43.1 In Mahindra & Mahindra Ltd. (supra), their Lordships have observed : "Even if the application did not set out any facts or features showing how the trade practices complained of by the Registrar were restrictive trade practices, the Registrar could still at the hearing of the inquiry, in the absence of any demand for particulars being made by the other side, produce material before the Commission disclosing facts or features which would go to establish the restrictive nature of the trade practices complained of by him and if the Registrar did so, the defect in the application would not be of much consequence."
43.2 In Raymond Woollen Mills Ltd. Vs. MRTPC 1982 Tax L R 2590 contention as to particulars came up specifically before the Division Bench for consideration. It was held:-
"A party called upon to meet a charge must know with sufficient particularity with that charge is.

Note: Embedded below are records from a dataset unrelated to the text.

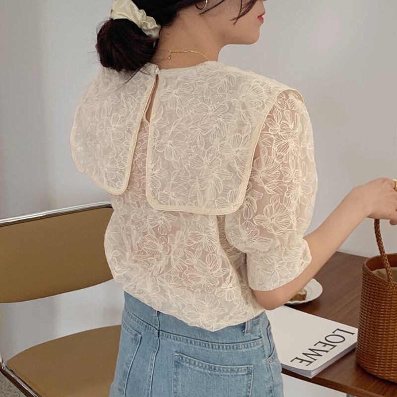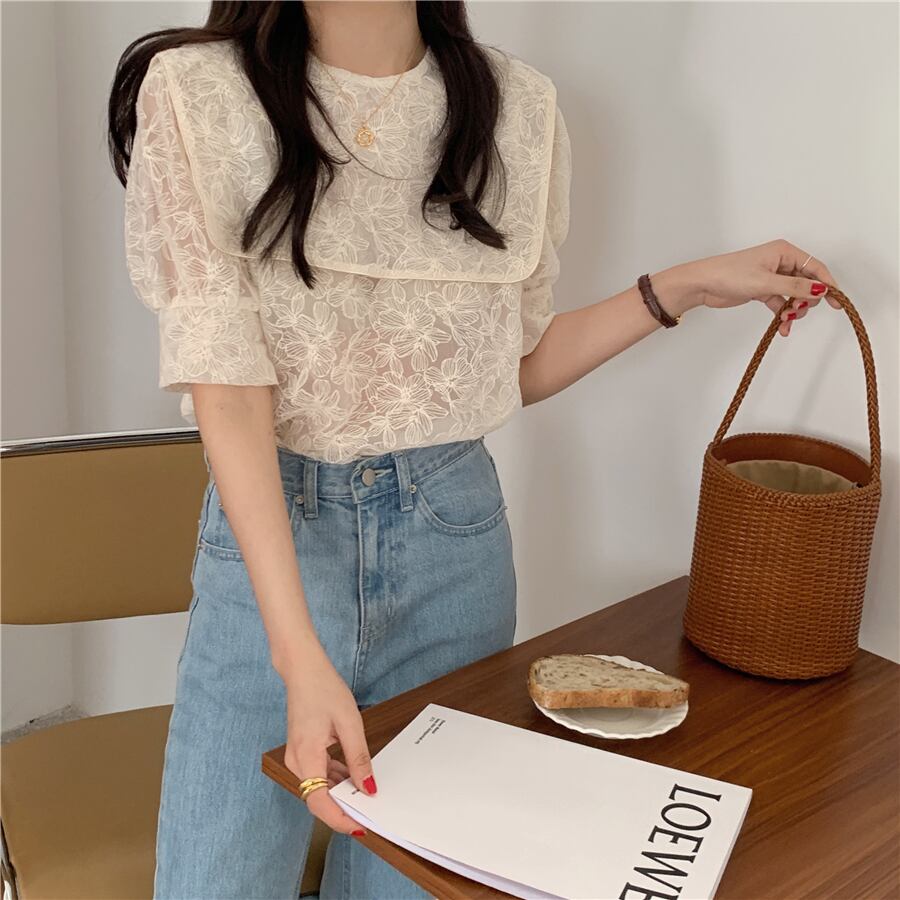 トップス レディース 送料無料 レースブラウス シフォンブラウス 半袖 パフスリーブブラウス セーラーカラー おしゃれ スタイル 小顔見せ 着痩せ 体形カバー インスタ トレンド きれいめ かわいい エレガント クラシカル フェミニン 透け感 シースルー オフィス 通勤 OL お出かけ リゾート キュート ガーリー かわいいフリーサイズ アイボリー 上品 レース ナチュラル ロマンチック ブラウス 花柄 フラワー柄 ボタニカル柄 フェミニン レーシー フラワーレース バルーンスリーブ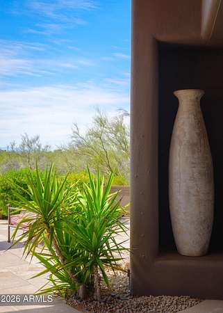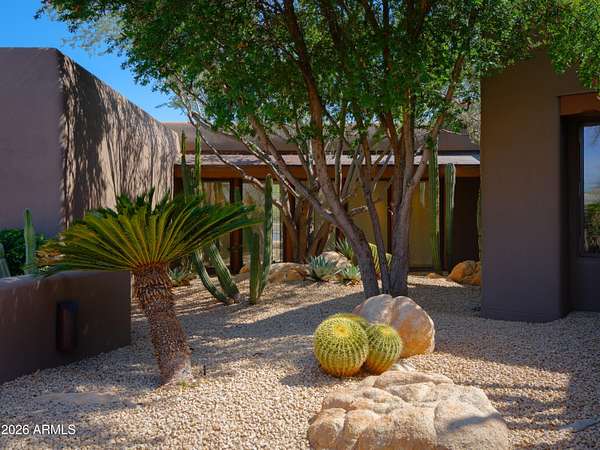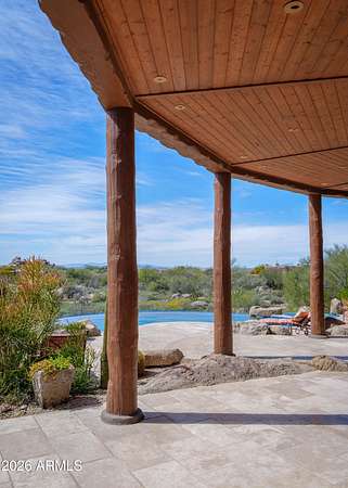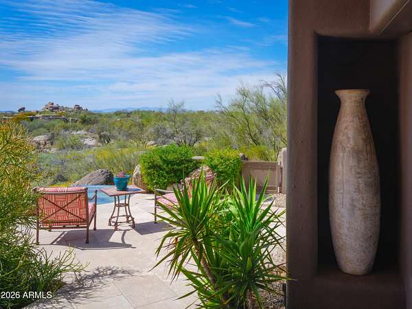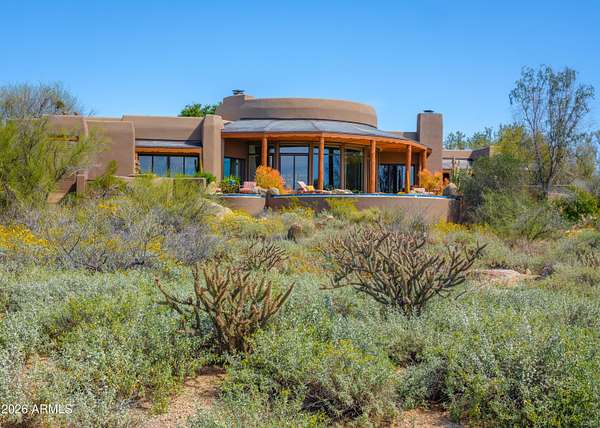 1.2 acres w/in the guard-gated community of The Boulders boasting Sunsets! Mature desert landscaping and a dramatic courtyard arrival to this Adobe-inspired masterpiece by renowned architect Terry Kilbane. Floor-to-ceiling curved glass and expansive patio doors capture sweeping desert vistas & sunsets from every room. Outdoor living is elevated by a negative-edge pool/spa overlooking Sonoran landscapes. An estate site that offers 3 BR + private office, 3.5 baths, split primary suite boasting breathtaking views. Guest BRs enjoy their own wing with ensuite baths, walk-in closets, patios & scenic outlooks. A grand entry flows seamlessly into the open living spaces. Formal dining room adorned with custom log accents & distinctive architectural niches. Timeless Private Estate w/ VIEWS Spanning 4,738 square feet, this residence offers 3 bedrooms plus a private office, 3.5 baths, and a thoughtfully designed split-primary floor plan. The primary suite is a secluded retreat with breathtaking views, while guest bedrooms two and three enjoy their own private wing, each with ensuite baths, walk-in closets, patios, and scenic outlooks. The Gourmet Island Kitchen is designed for both everyday living and entertaining, complete with granite countertops, Sub-Zero refrigeration, gas cooktop, double ovens, walk-in pantry with abundant storage, wet bar, ice maker, wine refrigerator, and refrigerated drawers. Breakfast nook can suit your lifestyle...furnish as your Eat-In Kitchen or Cozy Conversation area nestled by the fireplace. Desirable oversized three-car garage with workshop, offering ample space for vehicles, storage, and hobbies. Some additional features include copper enhancements at the rooftop and doorways, electric shades, high tech lighting system, generous sized bright laundry room with storage and sink. Attention to detail and enduring design that's truly impossible to replicate at this price point, this is a timeless desert estate that embodies privacy, architectural distinction and elevated Arizona living. About the Architect: Arizona architect Terry Kilbane is known for his exacting attention to detail and a design approach rooted in organic form and historical reference. Based in Carefree, Arizona, his work draws from the logic of place ~ land, climate, and material ~ resulting in buildings whose massing feels timeless and grounded. Rather than imposing on the site, Kilbane's designs appear to grow naturally from the landscape, blending careful craftsmanship with a deep respect for context. 1.3 Acre Vacant Lot (7841 E Sunflower Ct ~ Combined in offering of 7873 E Sunflower Ct) Visit BouldersClub website for more details regarding the two championship golf courses and membership. The Boulders amenities include Golf, the Spa, Tennis / Pickleball, Community Pools, Restaurants & Cafes, Fitness facility and more to enhance a healthy, active lifestyle in Arizona!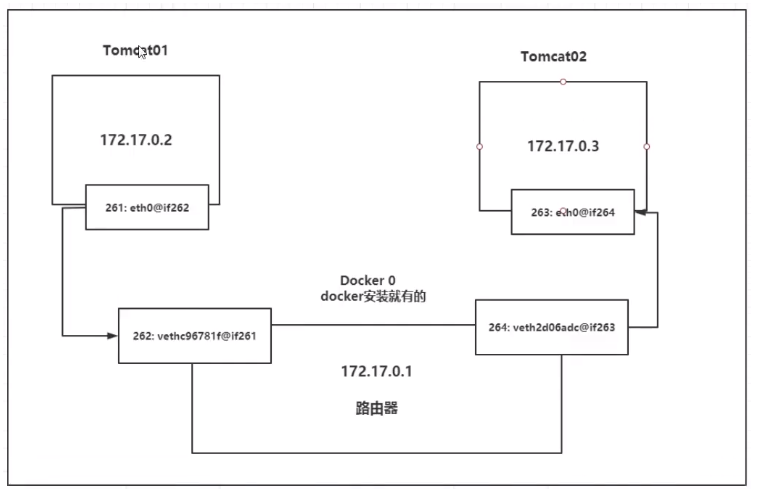tomcat01和tomcat02是用的一个公用的路由器:docker0.
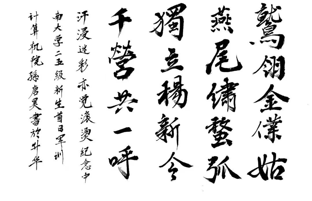 沙场点兵存浩气,书山砺剑磨金钺。待他日、回首军训日,仰天阙!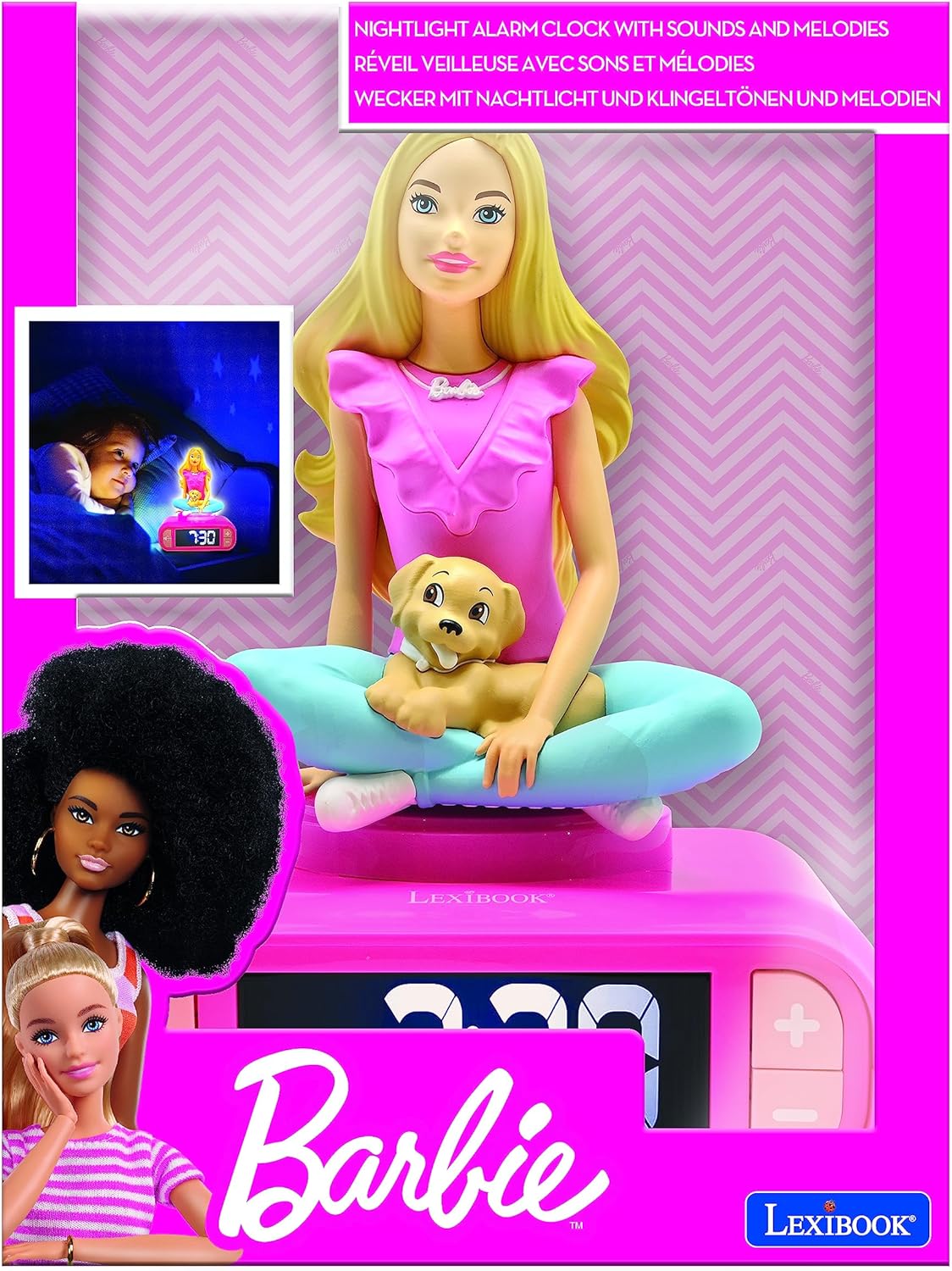 LEXIBOOK, Barbie, Nightlight Alarm Clock, Sounds and Melodies, LCD Backlit Screen, Luminous, Snooze, Pink, RL800BB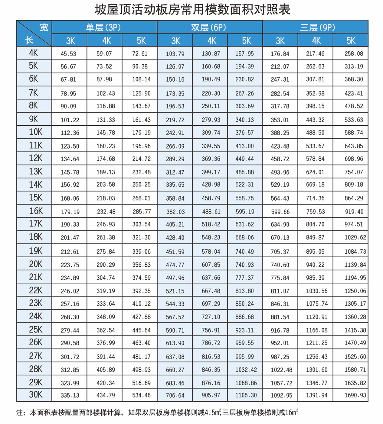| 標(biāo)準(zhǔn)坡頂活動板房的面積對照表如下: |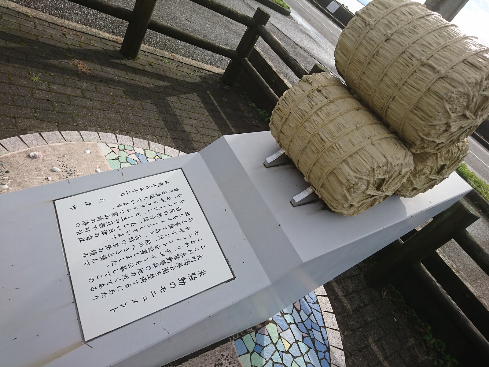 公園の名前は「大町海岸公園」というみたいだね。この辺りが、米騒動発祥の地であることから、米俵をかたどったモニュメントを設置したみたい。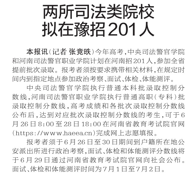 今年高考,中央司法警官学院和河南司法警官职业学院计划在河南招201人,参加全省提前批次录取。报考者须按要求携带相关材料,在规定时间内到指定地点参加政治考察、面试、体检、体能测评。(今日《郑州日报》2版)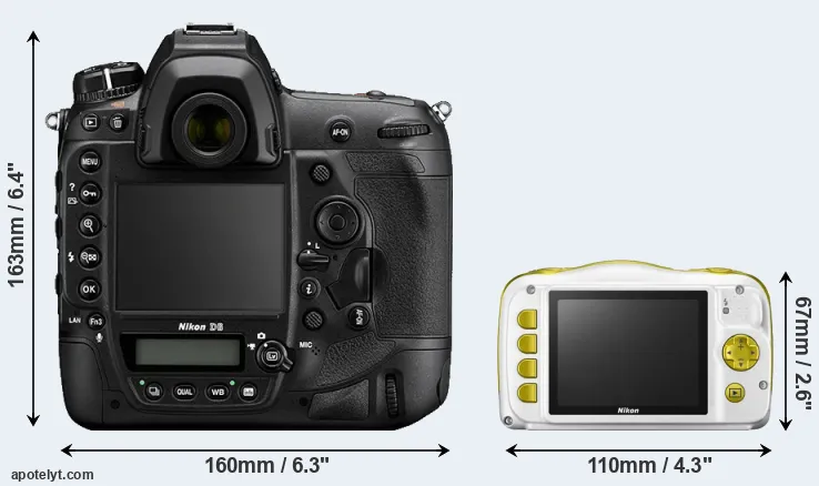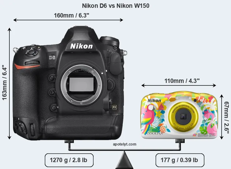 The physical size and weight of the Nikon D6 and the Nikon W150 are illustrated in the side-by-side display below. The two cameras are presented according to their relative size. Three successive views from the front, the top, and the rear are shown. All width, height and depth dimensions are rounded to the nearest millimeter.

Just as a complaint or a notice may contain vague allegations, and similarly so can a rejoinder.
In the case of vague allegations made in a complaint or a notice under S.10(a)(iv) of the Act the proper remedy would be before filing the reply thereto, and in the case of vague allegations made in a reply the proper time for asking for further and better particulars would be before filing the rejoinder thereto. Regn. 15 has expressly made the provisions of the Code applicable to the proceedings before the Commission in so far as such provisions are not inconsistent with any of the provisions expressly made in the Act or in the Regulations. Regn. 74 is not inconsistent with the provisions of Rr. 4 and 5 of O. 6, Civil P.C. and there is nothing in any of the other Regulations or in any of the sections of the Act which is inconsistent therewith."
43.3 We find ourselves in respectful agreement with the view taken by Bombay High Court. The notice can not be quashed on the ground of want of particulars.
44. For these reasons we do not find any merit in this writ petition and the same is hereby dismissed with costs, assessed at Rs.5,000/-.
45. I.A.2807/97 also stands disposed of.